Source records:
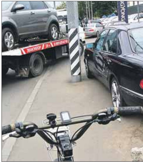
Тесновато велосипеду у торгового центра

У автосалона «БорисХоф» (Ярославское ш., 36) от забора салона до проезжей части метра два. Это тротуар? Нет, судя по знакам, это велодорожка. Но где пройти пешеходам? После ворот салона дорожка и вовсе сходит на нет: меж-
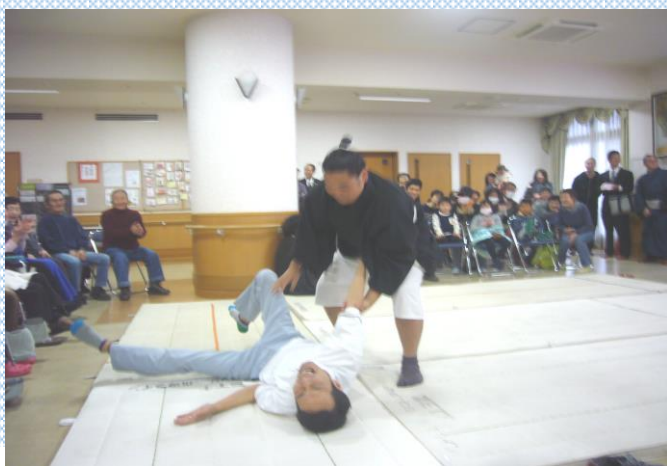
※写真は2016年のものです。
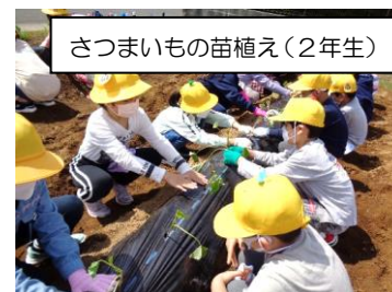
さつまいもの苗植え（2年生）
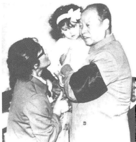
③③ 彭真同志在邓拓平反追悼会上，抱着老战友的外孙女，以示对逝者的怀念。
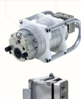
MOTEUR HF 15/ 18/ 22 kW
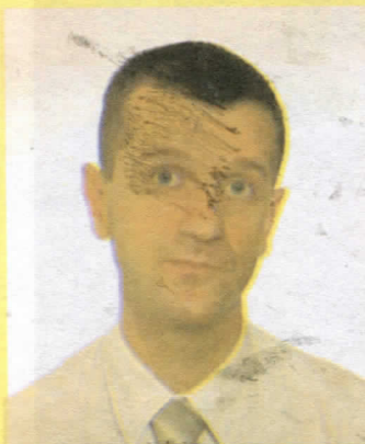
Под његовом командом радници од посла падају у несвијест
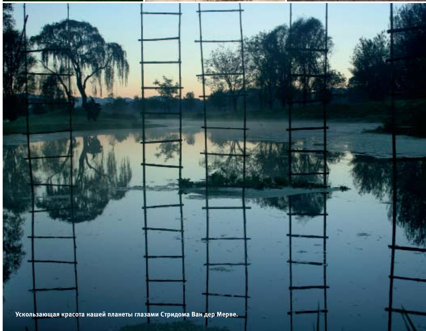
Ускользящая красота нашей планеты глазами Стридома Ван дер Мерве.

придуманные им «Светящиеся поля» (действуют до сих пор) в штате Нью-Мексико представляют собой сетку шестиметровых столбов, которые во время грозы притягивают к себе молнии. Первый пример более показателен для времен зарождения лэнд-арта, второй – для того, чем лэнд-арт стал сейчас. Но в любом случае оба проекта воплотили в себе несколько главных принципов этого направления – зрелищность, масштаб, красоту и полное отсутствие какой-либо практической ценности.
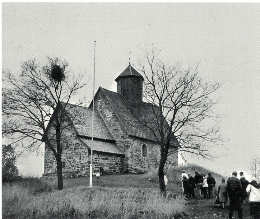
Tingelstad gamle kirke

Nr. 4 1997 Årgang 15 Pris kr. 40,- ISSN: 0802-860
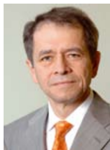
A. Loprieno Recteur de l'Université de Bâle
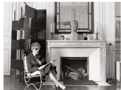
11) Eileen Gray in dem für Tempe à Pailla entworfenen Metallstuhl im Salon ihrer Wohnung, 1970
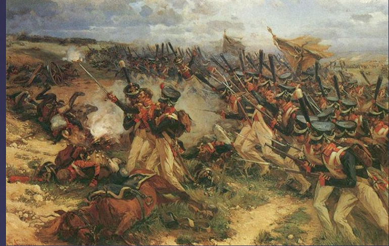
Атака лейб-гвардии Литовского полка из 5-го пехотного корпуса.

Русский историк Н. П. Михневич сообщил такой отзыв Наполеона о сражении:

* * *

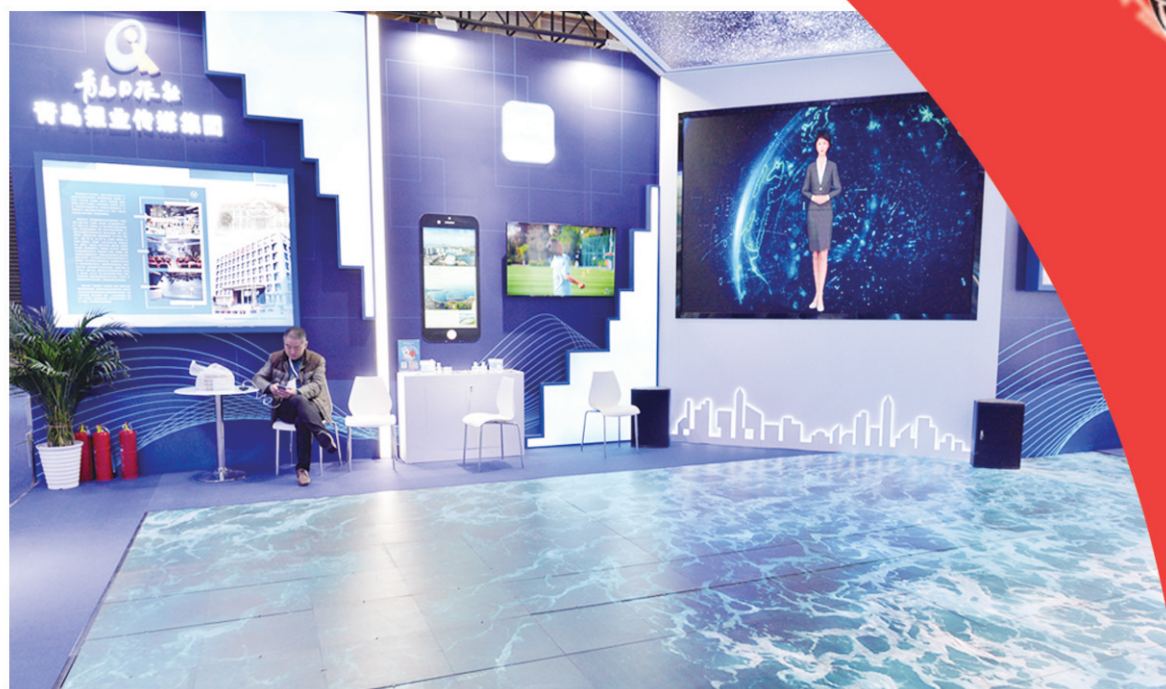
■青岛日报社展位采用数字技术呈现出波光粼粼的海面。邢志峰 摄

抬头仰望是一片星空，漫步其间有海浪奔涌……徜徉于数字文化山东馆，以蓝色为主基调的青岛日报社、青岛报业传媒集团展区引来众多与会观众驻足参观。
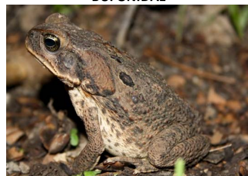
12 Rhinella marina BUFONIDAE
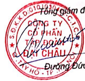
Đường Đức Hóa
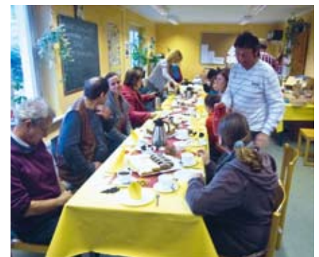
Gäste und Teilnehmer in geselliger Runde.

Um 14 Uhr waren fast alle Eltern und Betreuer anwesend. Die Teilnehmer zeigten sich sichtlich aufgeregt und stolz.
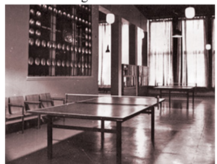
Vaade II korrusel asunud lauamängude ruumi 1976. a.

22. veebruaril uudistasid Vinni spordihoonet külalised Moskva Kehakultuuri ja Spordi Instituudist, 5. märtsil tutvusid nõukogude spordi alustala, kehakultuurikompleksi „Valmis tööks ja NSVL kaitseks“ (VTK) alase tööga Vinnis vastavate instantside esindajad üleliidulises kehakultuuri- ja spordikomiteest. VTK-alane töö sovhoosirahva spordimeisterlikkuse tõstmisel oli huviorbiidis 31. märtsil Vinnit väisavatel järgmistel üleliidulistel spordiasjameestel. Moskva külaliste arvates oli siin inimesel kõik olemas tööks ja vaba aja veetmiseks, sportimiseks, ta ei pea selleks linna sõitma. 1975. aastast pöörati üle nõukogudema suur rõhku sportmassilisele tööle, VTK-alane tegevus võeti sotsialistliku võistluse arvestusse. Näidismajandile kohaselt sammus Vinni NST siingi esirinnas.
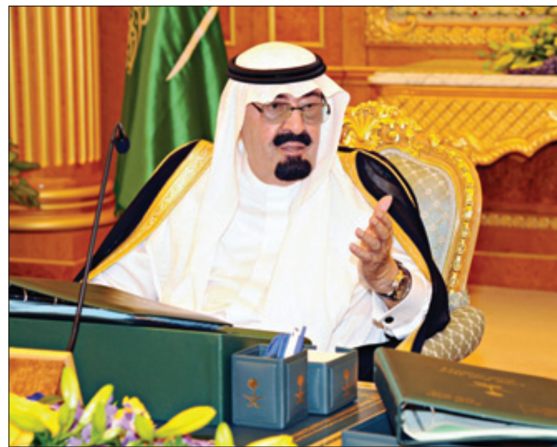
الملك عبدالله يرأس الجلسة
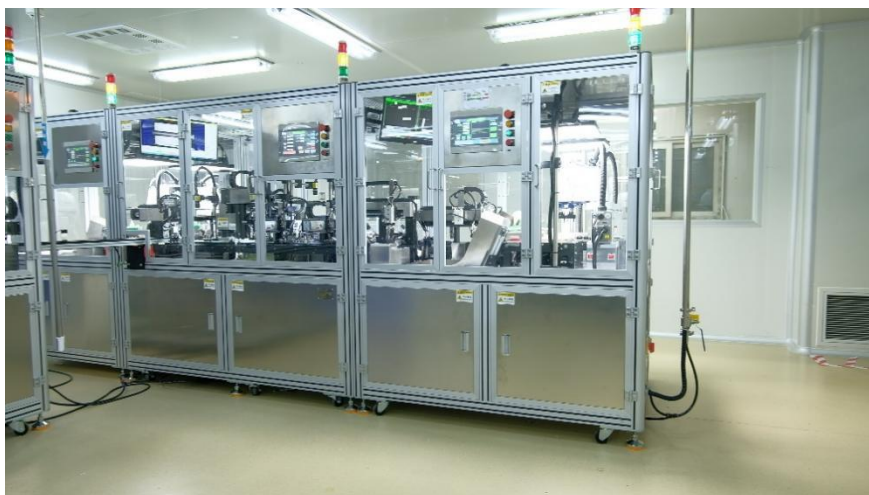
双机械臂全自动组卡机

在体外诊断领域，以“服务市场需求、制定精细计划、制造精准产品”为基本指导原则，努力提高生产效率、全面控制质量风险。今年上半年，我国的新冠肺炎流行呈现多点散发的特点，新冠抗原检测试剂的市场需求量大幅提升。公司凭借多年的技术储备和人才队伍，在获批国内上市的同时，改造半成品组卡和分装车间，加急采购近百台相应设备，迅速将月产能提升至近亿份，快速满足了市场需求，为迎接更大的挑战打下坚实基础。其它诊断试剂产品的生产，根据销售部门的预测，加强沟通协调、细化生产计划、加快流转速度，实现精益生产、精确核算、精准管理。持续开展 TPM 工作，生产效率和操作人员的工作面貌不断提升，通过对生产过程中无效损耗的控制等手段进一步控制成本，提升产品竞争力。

==

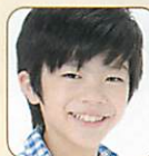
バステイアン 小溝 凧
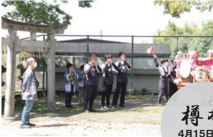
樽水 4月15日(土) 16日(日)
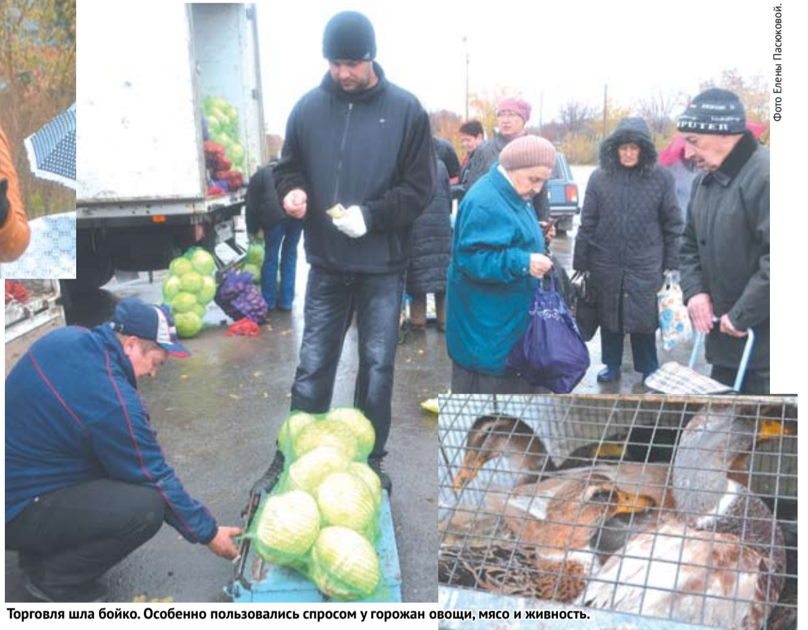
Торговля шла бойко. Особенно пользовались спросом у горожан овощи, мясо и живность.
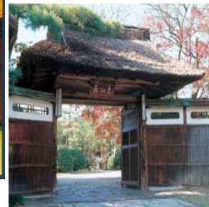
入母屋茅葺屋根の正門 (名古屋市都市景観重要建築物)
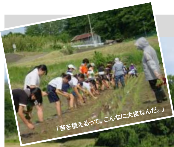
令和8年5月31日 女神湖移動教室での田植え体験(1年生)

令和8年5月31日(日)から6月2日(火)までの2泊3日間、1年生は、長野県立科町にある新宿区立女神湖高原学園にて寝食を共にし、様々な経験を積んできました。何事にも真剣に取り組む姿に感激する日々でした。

WORK TASK =
Word for word, write out the lines above running from the one with "Тесновато велосипеду у торгового центра" up to and including the one with "Русский историк Н.". Drop any picture.

EXERCISE ANSWER =
Тесновато велосипеду у торгового центра

У автосалона «БорисХоф» (Ярославское ш., 36) от забора салона до проезжей части метра два. Это тротуар? Нет, судя по знакам, это велодорожка. Но где пройти пешеходам? После ворот салона дорожка и вовсе сходит на нет: меж-
※写真は2016年のものです。
さつまいもの苗植え（2年生）
③③ 彭真同志在邓拓平反追悼会上，抱着老战友的外孙女，以示对逝者的怀念。
MOTEUR HF 15/ 18/ 22 kW
Под његовом командом радници од посла падају у несвијест
Ускользящая красота нашей планеты глазами Стридома Ван дер Мерве.

придуманные им «Светящиеся поля» (действуют до сих пор) в штате Нью-Мексико представляют собой сетку шестиметровых столбов, которые во время грозы притягивают к себе молнии. Первый пример более показателен для времен зарождения лэнд-арта, второй – для того, чем лэнд-арт стал сейчас. Но в любом случае оба проекта воплотили в себе несколько главных принципов этого направления – зрелищность, масштаб, красоту и полное отсутствие какой-либо практической ценности.
Tingelstad gamle kirke

Nr. 4 1997 Årgang 15 Pris kr. 40,- ISSN: 0802-860
A. Loprieno Recteur de l'Université de Bâle
11) Eileen Gray in dem für Tempe à Pailla entworfenen Metallstuhl im Salon ihrer Wohnung, 1970
Атака лейб-гвардии Литовского полка из 5-го пехотного корпуса.

Русский историк Н. П. Михневич сообщил такой отзыв Наполеона о сражении:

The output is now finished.